What the exercise asks: In the entries below, begin at the line with "Vetro cristallo con" and stop after the line with "Номер состоит из"; output those lines exactly and omit the pictures.

Supplied material:
[Start of Attachment]
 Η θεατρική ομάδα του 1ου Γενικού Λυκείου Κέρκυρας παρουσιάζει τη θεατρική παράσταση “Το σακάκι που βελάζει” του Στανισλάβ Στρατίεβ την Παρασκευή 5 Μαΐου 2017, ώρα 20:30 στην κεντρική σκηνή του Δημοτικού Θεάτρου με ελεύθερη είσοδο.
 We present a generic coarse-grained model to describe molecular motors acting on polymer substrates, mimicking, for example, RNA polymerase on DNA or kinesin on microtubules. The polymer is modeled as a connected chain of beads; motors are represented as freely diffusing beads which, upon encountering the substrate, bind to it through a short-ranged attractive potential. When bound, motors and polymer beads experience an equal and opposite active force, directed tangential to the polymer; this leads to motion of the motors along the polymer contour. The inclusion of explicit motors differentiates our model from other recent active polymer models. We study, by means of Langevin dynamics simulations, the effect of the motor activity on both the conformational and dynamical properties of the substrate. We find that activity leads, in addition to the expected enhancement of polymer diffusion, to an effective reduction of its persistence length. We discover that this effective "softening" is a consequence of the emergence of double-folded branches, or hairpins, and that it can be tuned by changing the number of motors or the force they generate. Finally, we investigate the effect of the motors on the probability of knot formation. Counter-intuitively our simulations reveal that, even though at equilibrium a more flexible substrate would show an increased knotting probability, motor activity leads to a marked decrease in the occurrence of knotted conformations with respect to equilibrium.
[End of Attachment]
[Start of Attachment]
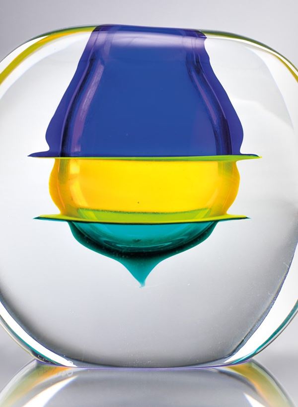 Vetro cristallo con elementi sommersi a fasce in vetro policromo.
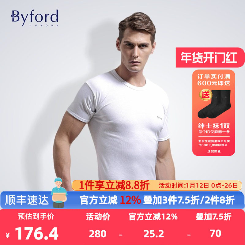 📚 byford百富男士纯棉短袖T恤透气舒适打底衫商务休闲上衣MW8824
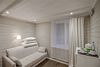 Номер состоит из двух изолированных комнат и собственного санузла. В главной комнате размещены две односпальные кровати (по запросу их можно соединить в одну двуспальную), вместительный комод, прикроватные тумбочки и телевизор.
[End of Attachment]
Task result:
 Vetro cristallo con elementi sommersi a fasce in vetro policromo.
 📚 byford百富男士纯棉短袖T恤透气舒适打底衫商务休闲上衣MW8824
 Номер состоит из двух изолированных комнат и собственного санузла. В главной комнате размещены две односпальные кровати (по запросу их можно соединить в одну двуспальную), вместительный комод, прикроватные тумбочки и телевизор.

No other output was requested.